In 1899, Indiana passed anti-lynching legislation. It was enforced by Governor Winfield T. Durbin, who forced an investigation into a 1902 lynching and removed the sheriff responsible. In 1903 he sent militia to bring order to a race riot that had broken out on Independence Day in Evansville, Indiana. In 1920, 600 men attempted to remove a Black prisoner from Marion County Jail but were prevented by the city's police. Lawrence Beitler photographed the lynching of Thomas Shipp and Abram Smith in 1930 in Marion, Indiana. In reaction to these murders, Flossie Bailey pushed for the passage of the 1931 Indiana anti-lynching law. The law provided for the immediate dismissal of any sheriff who allowed a jailed person to be lynched and allowed the victim's family to sue for $10,000. However, local authorities failed to prosecute mob leaders. In one case, when Indiana's attorney general indicted a sheriff, James Ogden, the jury refused to convict. Seeing this image inspired Abel Meeropol to write the song "Strange Fruit," popularized by singer Billie Holiday. That same year (1930), the Association of Southern Women for the Prevention of Lynching (ASWPL) was founded.

In a peculiar turn, in 1951, South Carolina passed a law criminalizing second-degree lynching, which is defined as "any act of violence inflicted by a mob upon the body of another person and from which death does not result shall constitute the crime of lynching in the second degree and shall be a felony. Any person found guilty of lynching in the second degree shall be confined at hard labor in the State Penitentiary for a term not exceeding twenty years nor less than three years, at the discretion of the presiding judge."  By 2003, however, all but two of the state's 46 counties charged blacks with second-degree lynching out of proportion to their representation in the population. In the prior five years, 4,000 adults were charged, and 136 were convicted.

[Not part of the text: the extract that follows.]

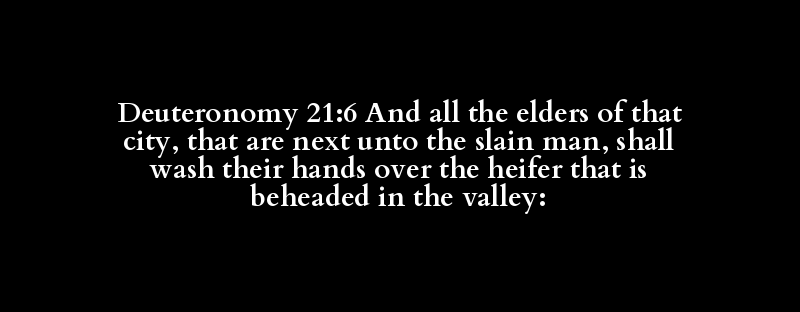 Deuteronomy 21:6 And all the elders of that city, that are next unto the slain man, shall wash their hands over the heifer that is beheaded in the valley:
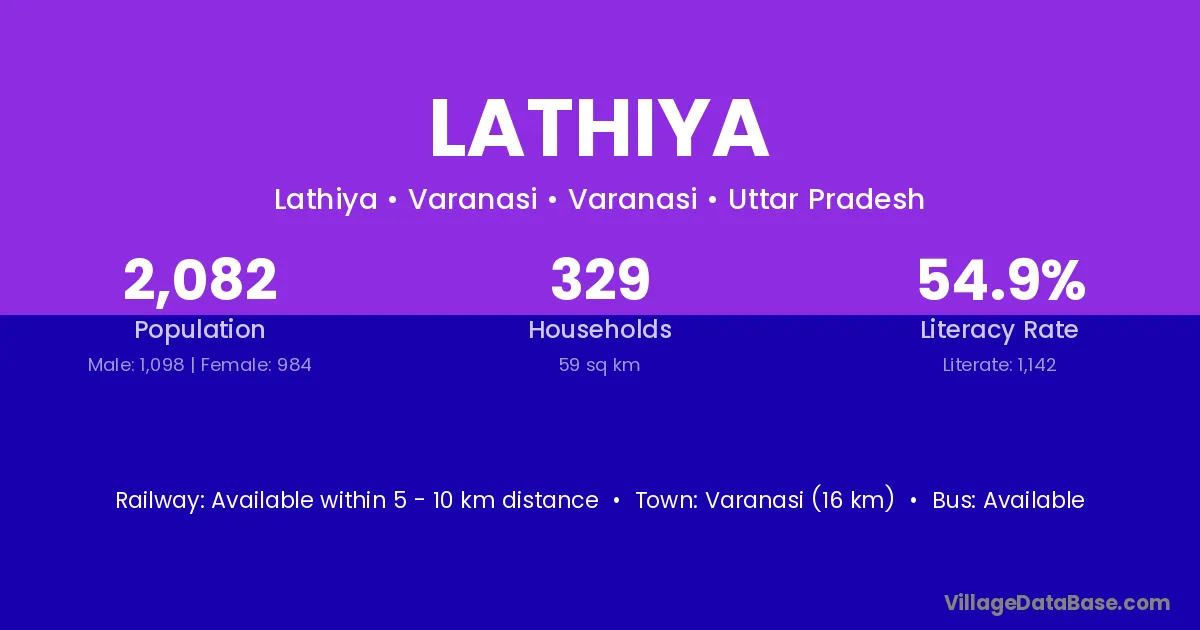 Mau (17 km) is the nearest town to Lathiya village for major economic activities and is located approximately 17 km away.

Black suspects were convicted of this assault charge at twice the rate of white suspects. One thousand four hundred juvenile lynching charges were filed, and, in 2002, 231 black youths were convicted, ten times as many as white youths. In 2006, five white teenagers were given various sentences for second-degree lynching in a non-lethal attack on a young black man in South Carolina. In 2010, the South Carolina Sentencing Reform Commission voted to rename the law "assault and battery by a mob" and to soften consequences for situations in which no one was killed or seriously injured in an attack by two or more people on a single victim.  

Federal oversite

From 1882 to 1968, "...nearly 200 anti-lynching bills were introduced in Congress, and three passed the House. Seven presidents between 1890 and 1952 petitioned Congress to pass a federal law." The Southern Democratic block in the Senate prevented the passage of an anti-lynching bill during this period. In 2005, by a resolution sponsored by senators Mary Landrieu of Louisiana and George Allen of Virginia and passed by voice vote, the Senate formally apologized for its failure to pass an anti-lynching law "when it was most needed."

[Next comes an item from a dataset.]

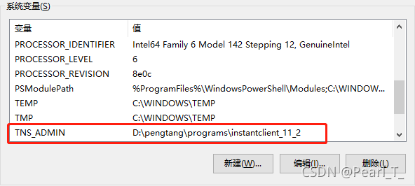 2) 变量名:TNS_ADMIN 变量值:D:\pengtang\programs\instantclient_11_2
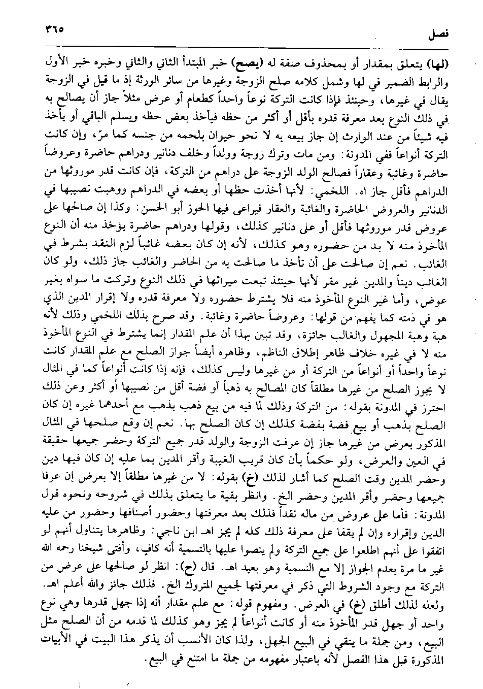 (لَهَا) يتَعَلَّق بِمِقْدَار أَو بِمَحْذُوف صفة لَهُ (يَصح) خبر الْمُبْتَدَأ الثَّانِي وَالثَّانِي وَخَبره خبر الأول والرابط الضَّمِير فِي لَهَا وَشَمل كَلَامه صلح الزَّوْجَة وَغَيرهَا من سَائِر الْوَرَثَة إِذْ مَا قيل فِي الزَّوْجَة يُقَال فِي غَيرهَا وَحِينَئِذٍ فَإِذا كَانَت التَّرِكَة نوعا وَاحِدًا كطعام أَو عرض مثلا جَازَ أَن يُصَالح بِهِ فِي ذَلِك النَّوْع بعد معرفَة قدره بِأَقَلّ أَو أَكثر من حَظه فَيَأْخُذ بعض حَظه وَيسلم الْبَاقِي أَو يَأْخُذ فِيهِ شَيْئا من عِنْد الْوَارِث إِن جَازَ بَيْعه بِهِ لَا نَحْو حَيَوَان بِلَحْمِهِ من جنسه كَمَا مرّ، وَإِن كَانَت التَّرِكَة أنواعاً فَفِي الْمُدَوَّنَة: وَمن مَاتَ وَترك زَوْجَة وَولدا وَخلف دَنَانِير ودراهم حَاضِرَة وعروضاً حَاضِرَة وغائبة وعقاراً فَصَالح الْوَلَد الزَّوْجَة على دَرَاهِم من التَّرِكَة، فَإِن كَانَت قدر موروثها من الدَّرَاهِم فَأَقل جَازَ اه. اللَّخْمِيّ: لِأَنَّهَا أخذت حظها أَو بعضه فِي الدَّرَاهِم ووهبت نصِيبهَا فِي الدَّنَانِير وَالْعرُوض الْحَاضِرَة والغائبة وَالْعَقار فيراعى فِيهَا الْحَوْز أَبُو الْحسن: وَكَذَا إِن صالحها على عرُوض قدر موروثها فَأَقل أَو على دَنَانِير كَذَلِك، وَقَوْلها ودراهم حَاضِرَة يُؤْخَذ مِنْهُ أَن النَّوْع الْمَأْخُوذ مِنْهُ لَا بُد من حُضُوره وَهُوَ كَذَلِك، لِأَنَّهُ إِن كَانَ بعضه غَائِبا لزم النَّقْد بِشَرْط فِي الْغَائِب. نعم إِن صالحت على أَن تَأْخُذ مَا صالحت بِهِ من الْحَاضِر وَالْغَائِب جَازَ ذَلِك، وَلَو كَانَ الْغَائِب دينا والمدين غير مقرّ لِأَنَّهَا حِينَئِذٍ تبِعت مِيرَاثهَا فِي ذَلِك النَّوْع وَتركت مَا سواهُ بِغَيْر عوض، وَأما غير النَّوْع الْمَأْخُوذ مِنْهُ فَلَا يشْتَرط حُضُوره وَلَا معرفَة قدره وَلَا إِقْرَار الْمَدِين الَّذِي هُوَ فِي ذمَّته كَمَا يفهم من قَوْلهَا: وعروضاً حَاضِرَة وغائبة. وَقد صرح بذلك اللَّخْمِيّ وَذَلِكَ لِأَنَّهُ هبة وَهبة الْمَجْهُول وَالْغَالِب جَائِزَة، وَقد تبين بِهَذَا أَن علم الْمِقْدَار إِنَّمَا يشْتَرط فِي النَّوْع الْمَأْخُوذ مِنْهُ لَا فِي غَيره خلاف ظَاهر إِطْلَاق النَّاظِم، وَظَاهره أَيْضا جَوَاز الصُّلْح مَعَ علم الْمِقْدَار كَانَت نوعا وَاحِدًا أَو أنواعاً من التَّرِكَة أَو من غَيرهَا وَلَيْسَ كَذَلِك، فَإِنَّهُ إِذا كَانَت أنواعاً كَمَا فِي الْمِثَال لَا يجوز الصُّلْح من غَيرهَا مُطلقًا كَانَ الْمصَالح بِهِ ذَهَبا أَو فضَّة أقل من نصِيبهَا أَو أَكثر وَعَن ذَلِك احْتَرز فِي الْمُدَوَّنَة بقوله: من التَّرِكَة وَذَلِكَ لما فِيهِ من بيع ذهب بِذَهَب مَعَ أَحدهمَا غَيره إِن كَانَ الصُّلْح بِذَهَب أَو بيع فضَّة بِفِضَّة كَذَلِك إِن كَانَ الصُّلْح بهَا. نعم إِن وَقع صلحها فِي الْمِثَال الْمَذْكُور بِعرْض من غَيرهَا جَازَ إِن عرفت الزَّوْجَة وَالْولد قدر جَمِيع التَّرِكَة وَحضر جَمِيعهَا حَقِيقَة فِي الْعين وَالْعرض، وَلَو حكما بِأَن كَانَ قريب الْغَيْبَة وَأقر الْمَدِين بِمَا عَلَيْهِ إِن كَانَ فِيهَا دين وَحضر الْمَدِين وَقت الصُّلْح كَمَا أَشَارَ لذَلِك (خَ) بقوله: لَا من غَيرهَا مُطلقًا إِلَّا بِعرْض إِن عرفا جَمِيعهَا وَحضر وَأقر الْمَدِين وَحضر الخ. وَانْظُر بَقِيَّة مَا يتَعَلَّق بذلك فِي شروحه وَنَحْوه قَول الْمُدَوَّنَة: فَأَما على عرُوض من مَاله نَقْدا فَذَلِك بعد مَعْرفَتهَا وَحُضُور أصنافها وَحُضُور من عَلَيْهِ الدّين وَإِقْرَاره وَإِن لم يقفا على معرفَة ذَلِك كُله لم يجز اه ابْن نَاجِي: وظاهرها يتَنَاوَل أَنهم لَو اتَّفقُوا على أَنهم اطلعوا على جَمِيع التَّرِكَة وَلم ينصوا عَلَيْهَا بِالتَّسْمِيَةِ أَنه كافٍ، وَأفْتى شَيخنَا رَحمَه الله غير مَا مرّة بِعَدَمِ الْجَوَاز إِلَّا مَعَ التَّسْمِيَة وَهُوَ بعيد اه. قَالَ (ح) : انْظُر لَو صال

On December 19, 2018, the U.S. Senate voted unanimously in favor of the "Justice for Victims of Lynching Act of 2018," which, for the first time in U.S. history, would make lynching a federal hate crime. The legislation had been reintroduced to the Senate earlier that year as Senate Bill S. 3178 by the three African American U.S. senators, Tim Scott, Kamala Harris, and Cory Booker. As of June 2019, the bill, which failed to become law during the 115th U.S. Congress, had been reintroduced as the Emmett Till Antilynching Act. The House of Representatives voted 410-4 to pass it on February 26, 2020.

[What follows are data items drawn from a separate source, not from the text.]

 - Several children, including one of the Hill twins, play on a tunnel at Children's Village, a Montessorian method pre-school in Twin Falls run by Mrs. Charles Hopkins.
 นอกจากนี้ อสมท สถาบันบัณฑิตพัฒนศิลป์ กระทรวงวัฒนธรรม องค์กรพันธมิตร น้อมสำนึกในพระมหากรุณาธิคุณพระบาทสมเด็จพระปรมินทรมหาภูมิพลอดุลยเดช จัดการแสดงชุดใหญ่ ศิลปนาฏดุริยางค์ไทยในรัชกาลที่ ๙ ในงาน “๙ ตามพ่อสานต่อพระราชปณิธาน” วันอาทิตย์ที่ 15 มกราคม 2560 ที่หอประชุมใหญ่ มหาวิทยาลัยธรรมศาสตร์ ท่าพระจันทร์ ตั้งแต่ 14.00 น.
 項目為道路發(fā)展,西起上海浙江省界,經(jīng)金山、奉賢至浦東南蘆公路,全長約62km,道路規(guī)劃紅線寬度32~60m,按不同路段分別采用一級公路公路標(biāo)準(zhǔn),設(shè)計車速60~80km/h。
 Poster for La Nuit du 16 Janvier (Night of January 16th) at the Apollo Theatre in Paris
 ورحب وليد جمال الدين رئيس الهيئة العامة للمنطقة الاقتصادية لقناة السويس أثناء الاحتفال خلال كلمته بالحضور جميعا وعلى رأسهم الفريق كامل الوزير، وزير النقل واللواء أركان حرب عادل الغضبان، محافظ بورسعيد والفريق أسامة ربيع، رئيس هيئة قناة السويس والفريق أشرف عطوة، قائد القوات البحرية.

As of June 4, 2020, while protests and civil unrest over the murder of George Floyd were occurring nationwide, the bill was being considered by the Senate, with Senator Rand Paul preventing the bill from being passed by unanimous consent. At the time, no legislation has passed in both houses of Congress. Yet, on February 22, 2022, The Emmett Till Antilynching Act was passed. This legislation was landmark United States federal law that makes lynching a federal hate crime. The bill was named after 14-year-old Emmett Till, lynched in Mississippi in 1955, sparking national and international outrage.